Data lakes allow information to be added to a system without pre-processing or modelling. Contrast this with a conventional database where data must be delivered in a much more refined and formal manner. Thus a data lake offers much timelier speed of entry. However, as research from Brazil shows, even though a data lake preserves highest granularity level of the data, that useful flexibility can be problematic too. “If not managed, it is easy to lose control of the repository because of the volume it holds and its growth,” the team explains.
The researchers explain further that data lakes carry none of the semantics of a conventional database, but while this can be advantageous in avoiding certain types of bias when re-extracting and analyzing days, it does mean that understanding the contents of the data lake can become a rather cumbersome task. This, the team suggests, has perhaps undermined the widespread adoption and use of data lakes within the corporate environment and stymied acceptance of this useful tool because of certain misconceptions regarding how they might be used in data science efforts.

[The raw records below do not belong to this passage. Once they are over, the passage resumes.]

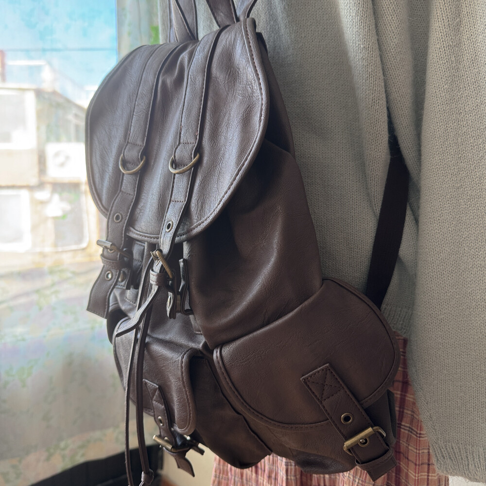 브라운 색감의 3포켓 백팩이에요
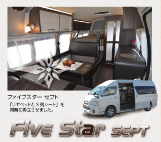 ☆「ファイブスターセプト」3列シートに2段ベッド、防水個室。
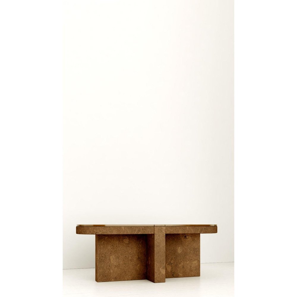 Object 06 Brown Seating by Volta One Of A Kind. Dimensions: D 80 x W 200 x H 75 cm. Materials: Cork and ceramic. Also available in diffentent colors. Please contact us. MEÏ COLLECTION The Meï collection was born from the desire to highlight the cork material. A material known for its common and popular use, cork deserves special attention in terms of its aesthetic, constructive and ecological properties. Starting from cork, the volta agency has developed with the Trizzano workshops several methods of compression to recycl this material. The patterns that were created then revealed all the subtlety of this material. To sublimate it even more, several colorimetric shades have been developed. The cork is thus bathed and colored, giving it a whole new image. The agency Volta practices in the fields of architecture and interior design. Created in 2016 by Agathe Lavaud, she articulates her work around attention to detail and a tandem between contemporaneity and tradition. The agency considers each project as unique. She begins a personalized search for each, both in terms of volumes and material, guided by the existing context.
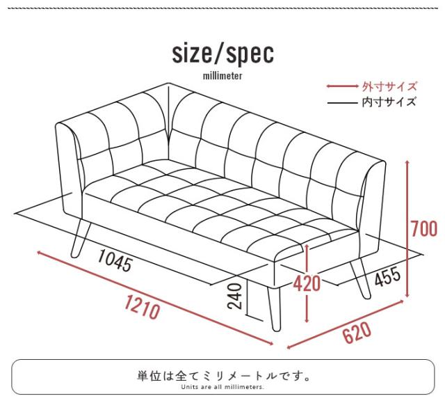 | 幅121×62×70cm (ロータイプ時:幅121×62×48cm) |
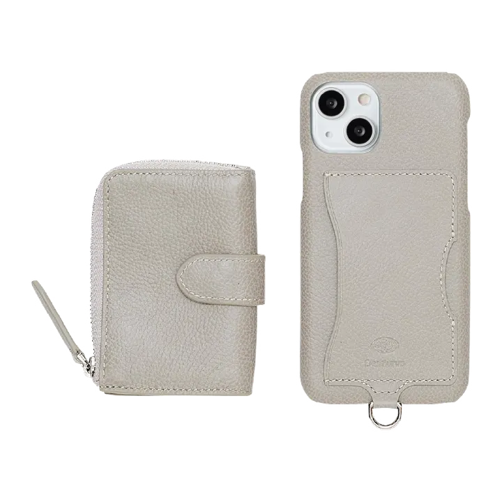素材は、デミウルーボ の代名詞でもあるフランス産カウレザー。 L字ジップを開けると真ん中にコインスペースがあり、マチが広めで視認性と利便性を兼ね備えています。 コインスペースの両端には、カードや領収書などをドバッと入れることができるポケットがついており、 お札は三つ折り、もしくは4つ折りでしっかり収納できます。カスタムハードケースに装着できるようになっており、 シーンに合わせてスマホと財布をセットで持ち歩くことができます。 装着した状態でもそのままジップが開けられるようになっているので、取り外すことなく使用可能です。 単体としてももちろん、カスタムハードケースとセットでぜひご利用ください。 シンプルなデザインなので男女、年齢関係なくお使いいただけます。プレゼントにも最適です。 <カスタムハードケース> フランス産レザーを使った高級感あふれるレザーハードケース。 カード類を横から入れることができ、 ストラップでぶら下げても落ちないようにサイズ設計されています。 通常のクレジットカードなどは1枚、薄いカードは2枚入れることが可能です。
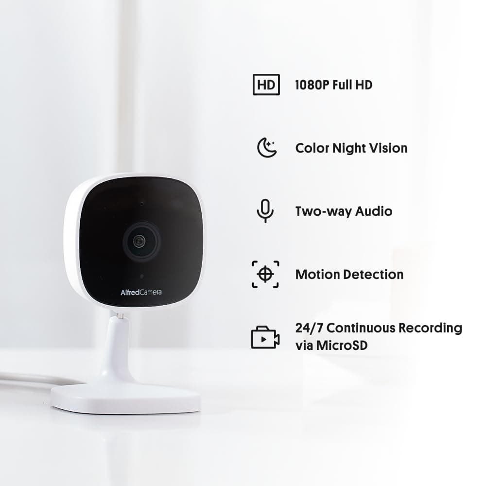 AlfredCamera WLAN Kamera do monitoringu wewnętrznego Full HD 1080p Sterowanie przez aplikację z czujnikiem ruchu, noktowizją i ciągłym nagrywaniem - Monitor dla niemowląt Kamera dla zwierząt 2,4GHz WiFi
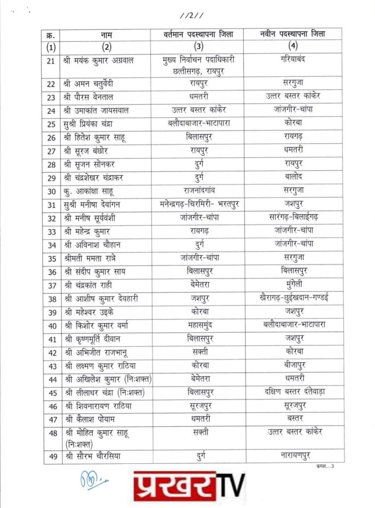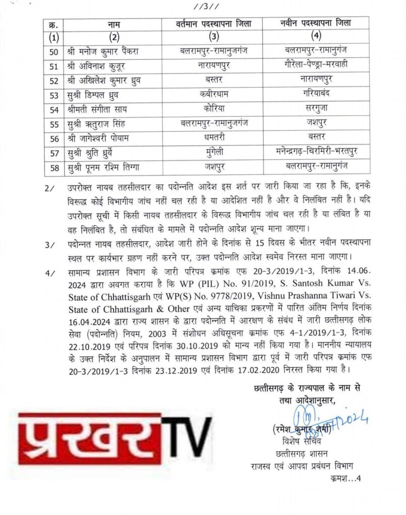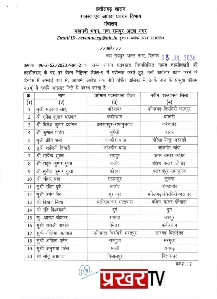 धमतरी (प्रखर) राज्य शासन द्वारा 58 नायब तहसीलदारों को तहसीलदार के पद पर प्रमोशन किया गया है और राज्य के अलग-अलग जिलों में पदस्थापना किया गया है भूपेश कुमार चंद्राकर कबीरधाम से धमतरी, सूरज बंछोर रायपुर से धमतरी, अखिलेश कुमार सिन्हा ( निशक्त ) बेमेतरा से धमतरी इनका नवीन पदस्थापना जिला धमतरी हुआ है

The team has now turned to knowledge management models to help them address the issues associated with data lake use and to enrich the data floating within to enhance information usability. They also add that through the use of a data portal platform and associated metadata they reason that their approach would provide easy access to the data lake maintaining and boosting its usefulness and precluding its denigration into a so-called data swamp.
Ferreira, M.C., dos Santos, F.B., Barbosa, C.E. and de Souza, J.M. (2018) ‘Using knowledge management to create a Data Hub and leverage the usage of a Data Lake’, Int. J. Knowledge Management Studies, Vol. 9, No. 3, pp.260–277.